[Excerpted records]
[Start of section]
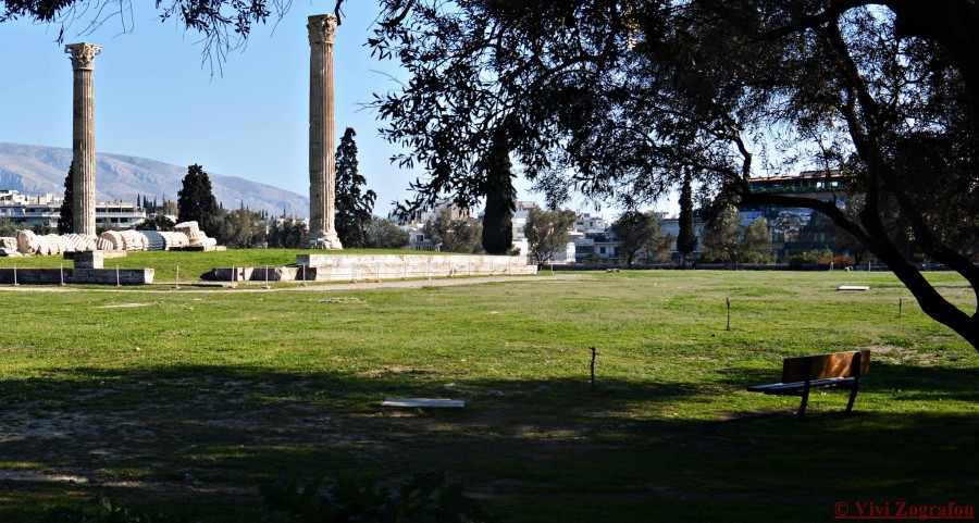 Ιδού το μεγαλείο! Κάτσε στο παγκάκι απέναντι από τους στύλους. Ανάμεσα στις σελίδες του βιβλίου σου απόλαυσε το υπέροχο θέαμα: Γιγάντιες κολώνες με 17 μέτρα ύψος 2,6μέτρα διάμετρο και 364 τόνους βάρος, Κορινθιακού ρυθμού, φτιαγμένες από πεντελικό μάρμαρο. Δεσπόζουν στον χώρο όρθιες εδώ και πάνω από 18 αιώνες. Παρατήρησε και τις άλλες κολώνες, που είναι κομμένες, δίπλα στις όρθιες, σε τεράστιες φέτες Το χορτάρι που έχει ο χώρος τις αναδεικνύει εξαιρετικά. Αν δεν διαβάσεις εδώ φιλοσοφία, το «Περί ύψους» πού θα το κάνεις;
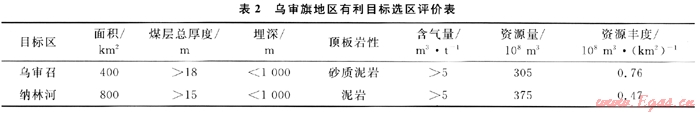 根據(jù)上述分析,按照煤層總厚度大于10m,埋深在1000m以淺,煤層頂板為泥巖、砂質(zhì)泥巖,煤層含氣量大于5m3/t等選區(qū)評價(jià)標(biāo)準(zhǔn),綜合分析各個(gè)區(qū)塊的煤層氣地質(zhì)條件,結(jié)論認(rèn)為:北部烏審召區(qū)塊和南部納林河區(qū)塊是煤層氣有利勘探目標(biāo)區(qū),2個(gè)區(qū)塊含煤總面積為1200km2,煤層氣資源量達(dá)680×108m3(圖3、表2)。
[End of section]
[Start of section]
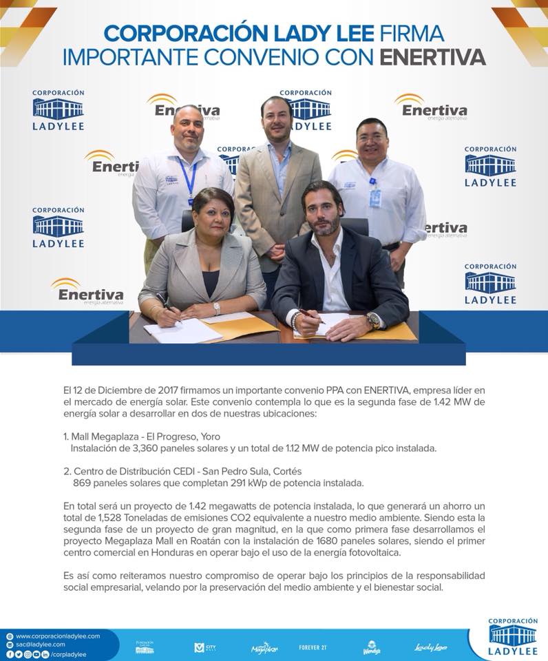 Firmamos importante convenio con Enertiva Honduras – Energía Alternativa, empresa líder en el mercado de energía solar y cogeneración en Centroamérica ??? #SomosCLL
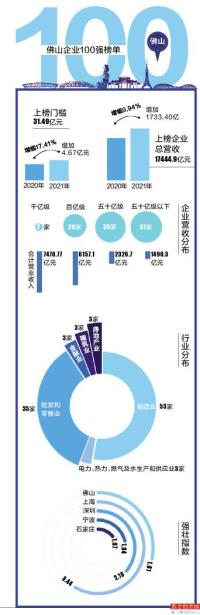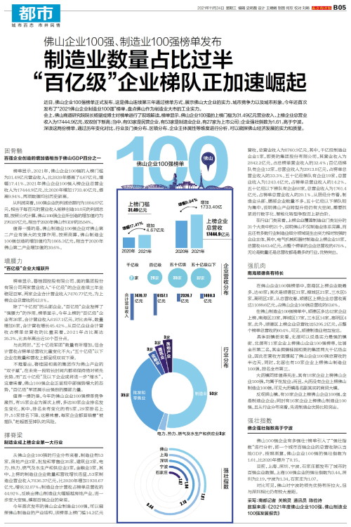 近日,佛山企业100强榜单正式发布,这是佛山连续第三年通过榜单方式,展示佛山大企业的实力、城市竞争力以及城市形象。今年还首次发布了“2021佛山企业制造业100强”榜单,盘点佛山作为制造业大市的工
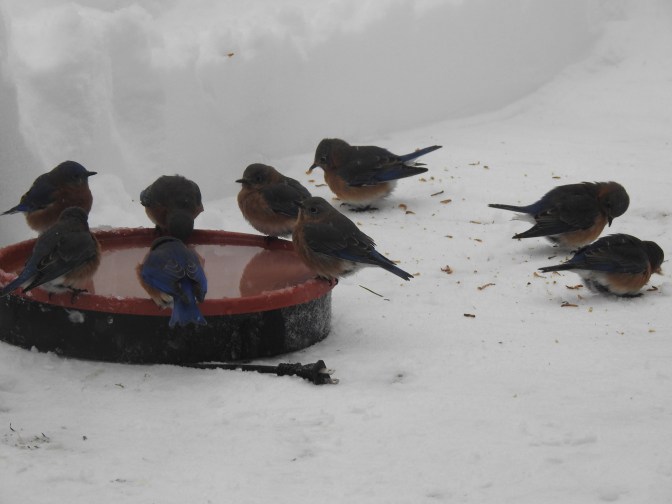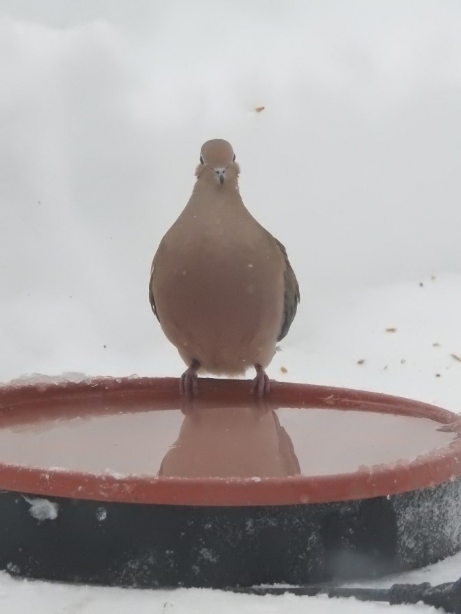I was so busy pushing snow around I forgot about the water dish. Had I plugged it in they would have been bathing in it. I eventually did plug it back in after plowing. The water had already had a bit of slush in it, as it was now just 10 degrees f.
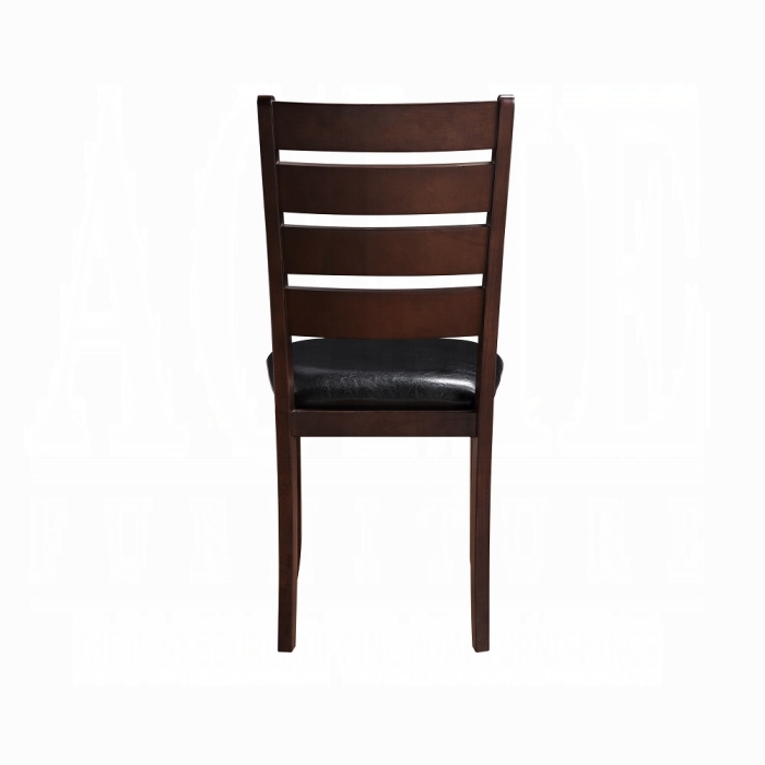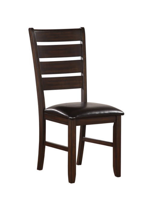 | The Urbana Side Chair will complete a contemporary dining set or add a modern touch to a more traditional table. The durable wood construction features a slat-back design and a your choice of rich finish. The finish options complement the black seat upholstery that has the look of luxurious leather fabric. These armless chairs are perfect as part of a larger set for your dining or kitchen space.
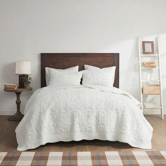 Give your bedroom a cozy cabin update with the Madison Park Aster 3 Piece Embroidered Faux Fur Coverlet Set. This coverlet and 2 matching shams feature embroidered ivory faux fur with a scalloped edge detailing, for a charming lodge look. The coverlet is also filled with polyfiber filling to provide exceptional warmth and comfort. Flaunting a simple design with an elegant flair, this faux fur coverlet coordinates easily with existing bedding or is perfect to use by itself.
[End of section]
[Start of section]
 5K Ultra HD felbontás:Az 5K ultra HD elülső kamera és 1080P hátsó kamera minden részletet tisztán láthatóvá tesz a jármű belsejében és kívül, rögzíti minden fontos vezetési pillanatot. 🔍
[End of section]
Set down, exactly as written above, each line from the one with "近日,佛山企业100强榜单正" through the one with "Give your bedroom", and skip the pictures.

[Task output]
 近日,佛山企业100强榜单正式发布,这是佛山连续第三年通过榜单方式,展示佛山大企业的实力、城市竞争力以及城市形象。今年还首次发布了“2021佛山企业制造业100强”榜单,盘点佛山作为制造业大市的工
I was so busy pushing snow around I forgot about the water dish. Had I plugged it in they would have been bathing in it. I eventually did plug it back in after plowing. The water had already had a bit of slush in it, as it was now just 10 degrees f.
 | The Urbana Side Chair will complete a contemporary dining set or add a modern touch to a more traditional table. The durable wood construction features a slat-back design and a your choice of rich finish. The finish options complement the black seat upholstery that has the look of luxurious leather fabric. These armless chairs are perfect as part of a larger set for your dining or kitchen space.
 Give your bedroom a cozy cabin update with the Madison Park Aster 3 Piece Embroidered Faux Fur Coverlet Set. This coverlet and 2 matching shams feature embroidered ivory faux fur with a scalloped edge detailing, for a charming lodge look. The coverlet is also filled with polyfiber filling to provide exceptional warmth and comfort. Flaunting a simple design with an elegant flair, this faux fur coverlet coordinates easily with existing bedding or is perfect to use by itself.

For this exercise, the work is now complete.